I also wear 8" ATAC Shield boots, but I was at a large EMS/Fire webstore recently and it looked like they might be discontinued.  Hopefully they are just updating them or something, because I too love these boots.  

This thread reminds me that I need to give them a little TLC though, the toes are getting pretty scuffed from the constant up/down on the ground.  Anyone have a recommendation for the best way to care for leather work boots (having never served, I am sadly lacking in the "boot maintenance" skill set, which is _shockingly _absent from any training classes I've attended).  I imagine I could just brush/polish them like I do my leather oxford work shoes, but I want to make sure that I don't hurt any chemical or whatever that is acting as a waterproofing agent.  Any special considerations or recommended products/processes?


----------



## Trauma_Junkie (Jan 14, 2011)

I wear the ATAC Storm 8" without the safety toe and I absolutely love them. Until I got into EMS I wasn't a fan of zipper boots (I got my start in GSAR) but now I'd almost swear by them.


----------



## VFlutter (Jan 15, 2011)

dixie_flatline said:


> I also wear 8" ATAC Shield boots, but I was at a large EMS/Fire webstore recently and it looked like they might be discontinued.  Hopefully they are just updating them or something, because I too love these boots.
> 
> This thread reminds me that I need to give them a little TLC though, the toes are getting pretty scuffed from the constant up/down on the ground.  Anyone have a recommendation for the best way to care for leather work boots (having never served, I am sadly lacking in the "boot maintenance" skill set, which is _shockingly _absent from any training classes I've attended).  I imagine I could just brush/polish them like I do my leather oxford work shoes, but I want to make sure that I don't hurt any chemical or whatever that is acting as a waterproofing agent.  Any special considerations or recommended products/processes?

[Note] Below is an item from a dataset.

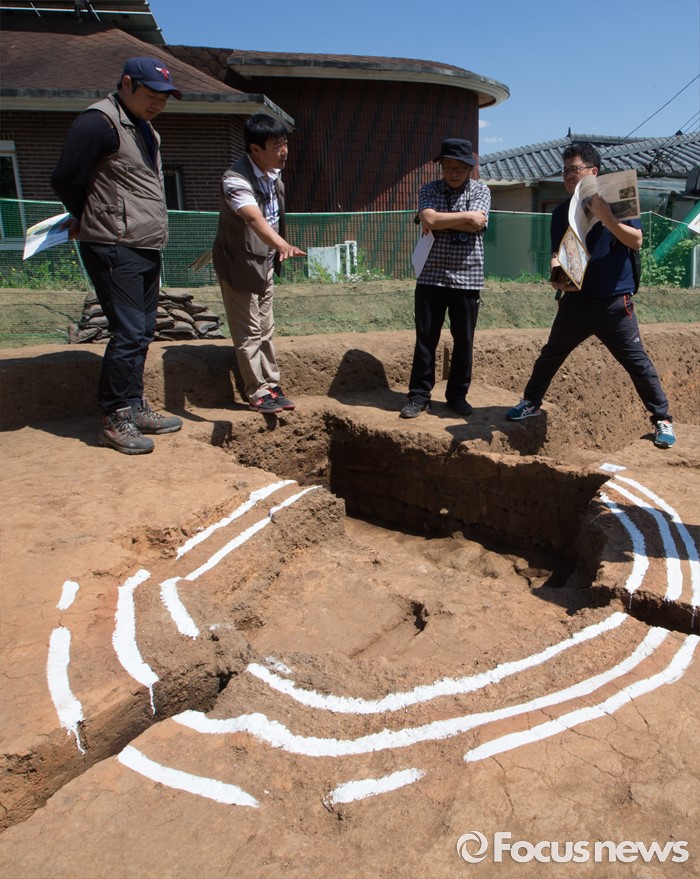 (충주=포커스뉴스) 충북 충주 칠금동 392-5번지 일대에서 백제 제철유적이 발견된 가운데 2일 현장에서 발굴조사 현장설명회가 열렸다. 학계관계자들이 제철유적을 살피고 있다.

They just updated the boot for 2011. I cant tell what the difference is, looks very similar 

http://www.511tactical.com/browse/Home/All-Products/Footwear/8-Boots/ATAC-Shield-Boot/D/30100/P/1:100:50000:50600:50602/I/12003


----------



## drguitarum2005 (Apr 25, 2011)

Just went to buy a pair of these. The salesman saved me $20 by selling me the 2010 version. They're called like "8" shield" where as the brand new ones are called "shield 8" or something like that. Side by side I compared them and didn't find one single difference. Saved $20! So far great shoes...feet getting a little warm but that doesn't bother me too much. Very comfy for the past few hours I've been wearing em.


----------